Test to distinguish periodic from almost periodic data Suppose I have some unknown function $f$ with domain $ℝ$, which I know to fulfill some reasonable conditions like continuity. I know the exact values of $f$ (because the data comes from a simulation) at some equidistant sampling points $t_i=t_0 + iΔt$ with $i∈\{1,…,n\}$, which I can assume to be sufficiently fine to capture all relevant aspects of $f$, e.g., I can assume that there is at most one local extremum of $f$ in between two sampling points. I am looking for a test that tells me whether my data complies with $f$ being exactly periodic, i.e., $∃τ: f(t+τ)=f(t) \,∀\,t$, with the period length being somewhat resonable, for example $Δt < τ < n·Δt$ (but it’s conceivable that I can make stronger constraints, if needed).
From another point of view, I have data ${x_0, …, x_n}$ and am looking for a test that answers the question whether a periodic function $f$ (fulfilling conditions as above) exists such that $f(t_i)=x_i ∀ i$.
The important point is that $f$ is at least very close to periodicity (it could be for example $f(t) := \sin(g(t)·t)$ or $f(t) := g(t)·\sin(t)$ with $g'(t) ≪ g(t_0)/Δt$) to the extent that changing one data point by a small amount may suffice to make the data comply with $f$ being exactly periodic. Thus standard tools for frequency analysis such as the Fourier transform or analysing zero crossings will not help much.
Note that the test I am looking for will likely not be probabilistic.
I have some ideas how to design such a test myself but want to avoid reinventing the wheel. So I am looking for an existing test.
 A: As I said, I had an idea how to do this, which I realised, refined and wrote a paper about, which is now published: Chaos 25, 113106 (2015) – preprint on ArXiv.
The investigated criterion is almost the same as sketched in the question: Given data $x_1, \ldots, x_n$ sampled at time points $t_0, t_0 + Δt, \ldots, t_0 + nΔt$, the test decides whether there is a function $f: [t_0, t_0 + Δt] → ℝ$ and a $τ ∈ [2Δt,(n-1)Δt]$ such that:


*

*$f(t_0 + iΔt)=x_i\quad \forall i∈\{1,…,n\}$

*$f(t+τ)=f(t) \quad∀t∈[t_0, t_0 + Δt-τ]$

*$f$ has no more local extrema than the sequence $x$, with the possible exception of at most one extremum close to the beginning and end of $f$ each.

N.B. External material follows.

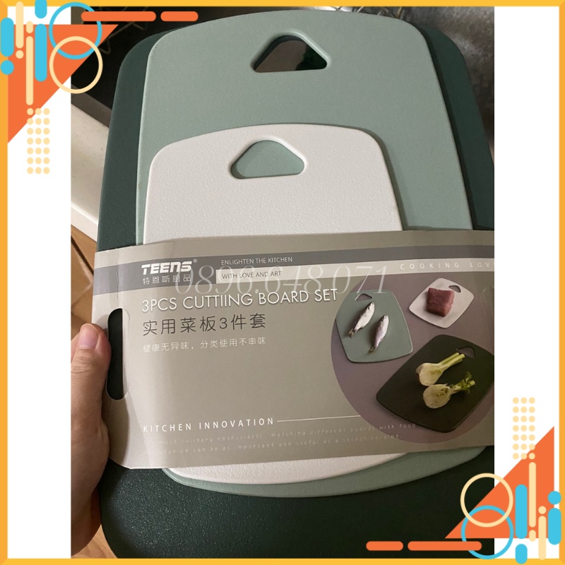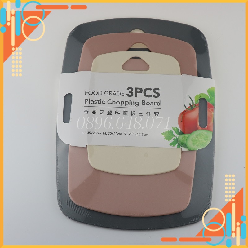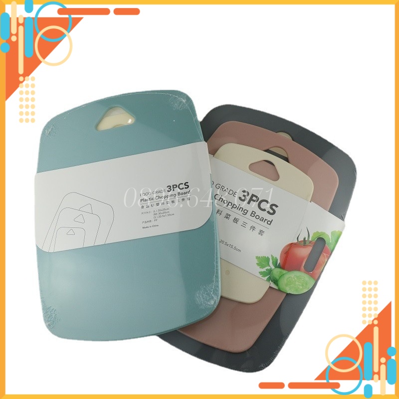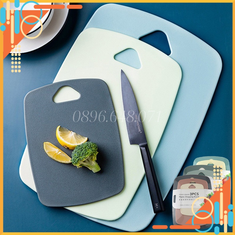 Thớt Nhựa Kháng Khuẩn Dày Chống Trơn Trượt Cao Cấp Hàng Xuất Khẩu Màu Đẹp Cực Xinh Tiện DụngThớt nhựa bao gồm gồm: 3 thớt kích thước 35x25cm, 30x20cm, 20x15cm với 3 chức năng khác nhau phân biệt theo màu: chế biến cá, chế biến thịt và chế biến rau củ quả tùy theo phân loại của từng gia đình cực kì tiện dụng, sạch sẽ an toàn.

The test can be modified to account for small errors, such as numerical errors of the simulation method.
I hope that my paper also answers why I was interested in such a test.
A: If you know the actual periodic signal, calculate
$\text{difference} = \Big|\text{theoretical data} - \text{measured data}\big|$
Then sum the elements of $\text{difference}$. If it is above a threshold (consider error from floating point arithmetic) the data is not periodic.
A: Transform the data into frequency domain using the discrete Fourier transform (DFT). If the data is perfectly periodic, there will be exactly one frequency bin with a high value, and other bins will be zero (or near zero, see spectral leakage).
Note that the frequency resolution is given by $\frac{\text{sampling frequency}}{\text{Number of samples}}$. So this sets the limit for the detection precision.